If Rhondda Labour MP Chris Bryant was to lose hi seat, he may well find employment as a presenter on a program like Homes under the Hammer as it emerges he made £649,500 in gross profit selling two London flats the taxpayer helped pay the mortgage interest on.
According to Wales Online
"When the rules changed preventing MPs from claiming mortgage interest, the Rhondda MP rented out the penthouse he owns for around £3,000 a month and claimed £84,350 from the taxpayer to rent a different property to live in himself.
Campaigners have demanded MPs who have made profits from selling homes they've benefited from taxpayer support to run pay back the cash.
Mr Bryant insisted that he had not profited from the taxpayer as he had owned a home in London before he became an MP and had paid the deposit on it himself.
Mr Bryant's windfall came to light as part of a Mirror investigation into the profits MPs have made from their taxpayer-subsidised homes a decade on from the Westminster expenses scandal".
One could wonder how he could afford to assord to byy a house in London After leaving the priesthood in 1991, Bryant made a radical career move and began work as the election agent to the Holborn and St Pancras Constituency Labour Party, where he helped Frank Dobson hold his seat in the 1992 general election. From 1993 he was Local Government officer for the Labour Party; he lived in Hackney and was elected to Hackney Borough Council in 1993, serving until 1998. He became Chairman of the Christian Socialist Movement. From 1994 to 1996 he was London manager of the charity Common Purpose.
In 1996 he became a full-time author, writing biographies of Stafford Cripps and Glenda Jackson. He was Labour candidate for Wycombe in the 1997 general election (where he lost by 2,370 votes), and Head of European Affairs for the BBC from 1998.[ His selection for the very safe Labour seat of Rhondda in South Wales in 2000 surprised many people given Bryant's background – gay, a former Anglican vicar, and someone who had been a Conservative as a student. He says of his surprise selection "I fell off the chair, and my opponents certainly did". Fifty-two people applied for the candidature and a local councillor was hot favourite to win.[2] He retained the seat comfortably at the 2001 general election with a 16,047 majority, one of the largest in the country.
Wales Online continues
These are the properties on which politicians reclaimed thousands of pounds in mortgage interest payments at public expense under the discredited old expenses system.
Under parliamentary rules they are entitled to keep the money. But with trust in politicians still low after the expenses scandal and the ongoing Brexit shambles, critics told the Mirror that if they want to regain trust they should hand the money to the Treasury.
Former chairman of the Committee of Standards in Public Life,Sir Alistair Graham, said:
“People should not be making a profit. It was there to help them meet their public responsibilities. You should not be profiting out of special taxpayer funds.“You should repay any gain you made over that period."It would need to be carefully calculated but Independent Parliamentary Standards Authority has done this before and they can do it again."I don’t think anything will restore trust, it’s at such a low ebb, but it’s the right thing to do.”
Former MP, journalist and ethics campaigner Martin Bell added: “It’s an open and shut case, of course they should pay it back.
“I have always felt MPs should set an example. But there was a feeling then that MPs were charging the maximum they could. There was a fill your boots attitude.”The idea that MPs should become property magnates using Tax Payers money , to make a profit out of a system which is aimed to provide them with affordable accommodation in what is increasingly expensive part of London seems abhorrent, especially as new rules were supposed to prevent such abuses no matter how legal they are.
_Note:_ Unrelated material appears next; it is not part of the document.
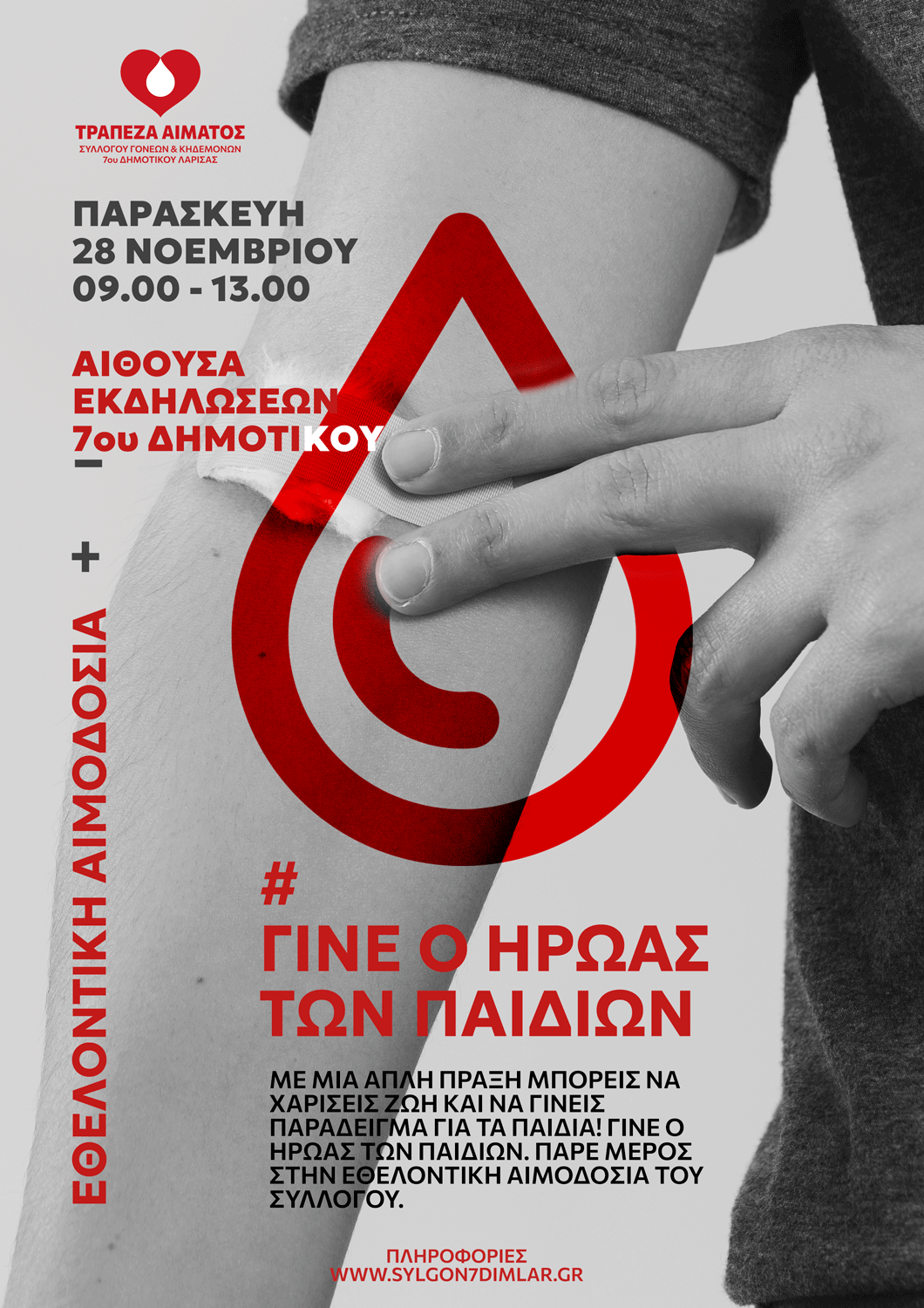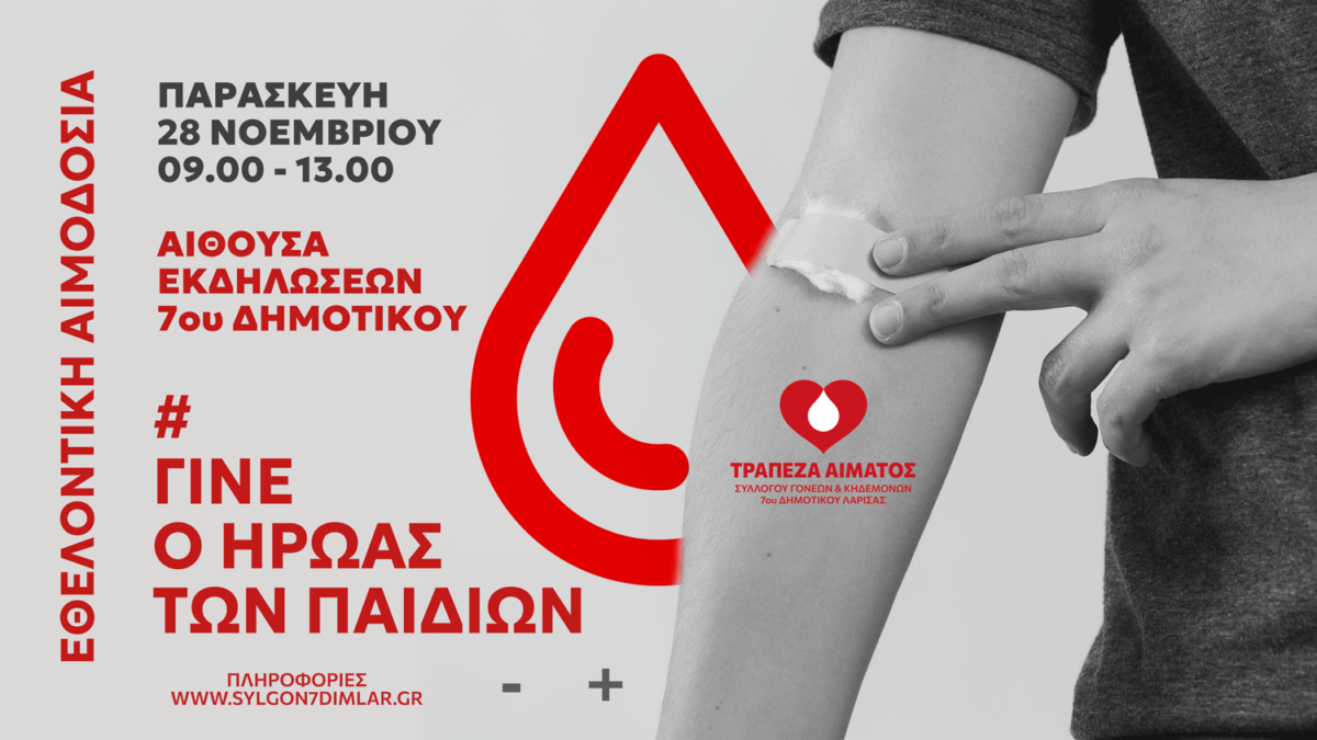 Ο Σύλλογος Γονέων και Κηδεμόνων του 7ου Δημοτικού Σχολείου Λάρισας ανακοινώνει με ιδιαίτερη χαρά τη διοργάνωση της 2ης Εθελοντικής Αιμοδοσίας του Συλλόγου, η οποία θα πραγματοποιηθεί την Παρασκευή 28 Νοεμβρίου 2025, στην αίθουσα εκδηλώσεων του σχολείου (Κουμουνδούρου 53 – Είσοδος από Αριστοτέλους), από τις 09:00 έως τις 13:00.

I have long advocated for the Civil Service to administer MPs accommodation by buying decent homes in the London area for MPs for them to live in as long as they are elected and it to pass to they successor.
London MPs who can commute may if there are late sittings could have hotel accommodation near to Westminster payed for.
The constituency accommodation, should largely be up to the MPs . If they want to represent the people of a constituency then they should live there , though some may need help initially renting . You can only wonder how many MPs main family home is not in the constituency but elsewhere?
Every MP will tell their constituents that it is an honour to represent them, but for far to many it is just a place on the map, they have no connection with the area and will leave as soon as they leave parliament.
The same thing could be said about the devolved legislatures and maybe the above example should be started there.